The Early College — which is a Toledo Public Schools magnet school — allows students to take 60 credits of college courses through the University of Toledo while in high school. The program is housed at UT’s Scott Park campus.

Miss Abou-Dahech is from Toledo, and her family is of Palestinian heritage.

She came up with the idea after seeing a similar drive at the Toledo Muslim Community Center on Sylvania Avenue, where she’s the president of the youth group. She and class secretary Carla Cunningham, treasurer Patricia Jones, and vice-president Matthew Wilson submitted donations from classmates, UT student groups, staff, and others. Students said TECH social studies teacher Randy Nissen asked for clothes from his church.

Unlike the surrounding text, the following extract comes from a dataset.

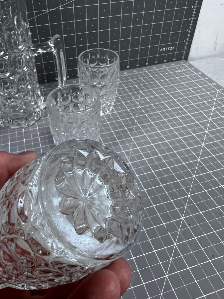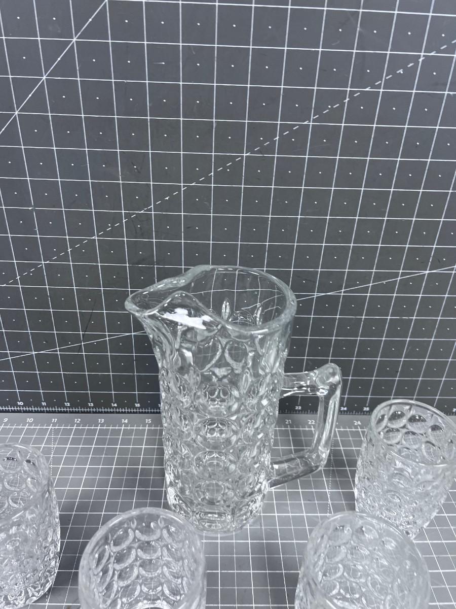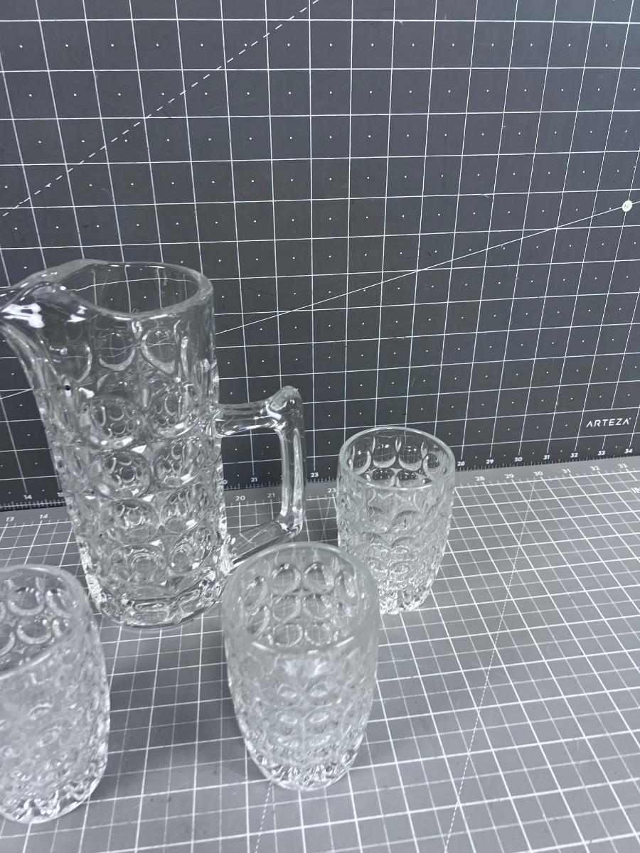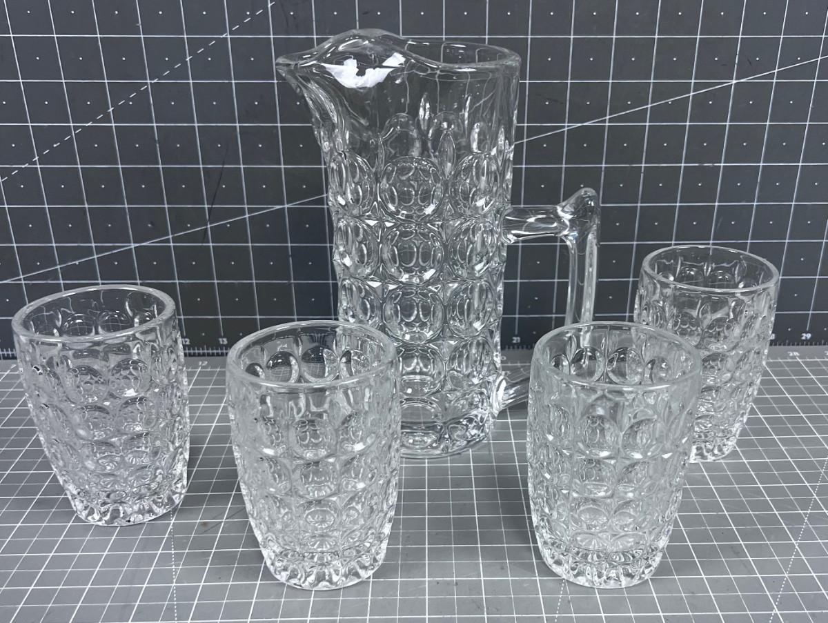Unique Fancy Vintage Pitch and 4 Tumblers HEAVY Glass

Even students at the school who come from low-income families pitched in, Hala said.

The Syrian conflict, which started with mostly peaceful demonstrations in 2011 against President Bashar Assad’s rule and has grown into a bloody civil war after deadly crackdowns on protesters, has left millions displaced both in Syria and in neighboring countries.

With winter coming, refugees who fled with few belongings will need warm clothes to survive the cold months. Clothes collected in the students’ drive will be sent to the Syrian Sunrise Foundation, who will then distribute them to Syrian refugees.

Much of the conflict has broken down along sectarian lines, with the majority Sunni Muslims supporting the rebellion and the Alawites backing Assad. But the Toledo clothing drives have been an interfaith and international effort, Miss Abou-Dahech and her classmates said, and a rejection of the divisive nature of the civil war.

“We are just doing something for the common good,”she said.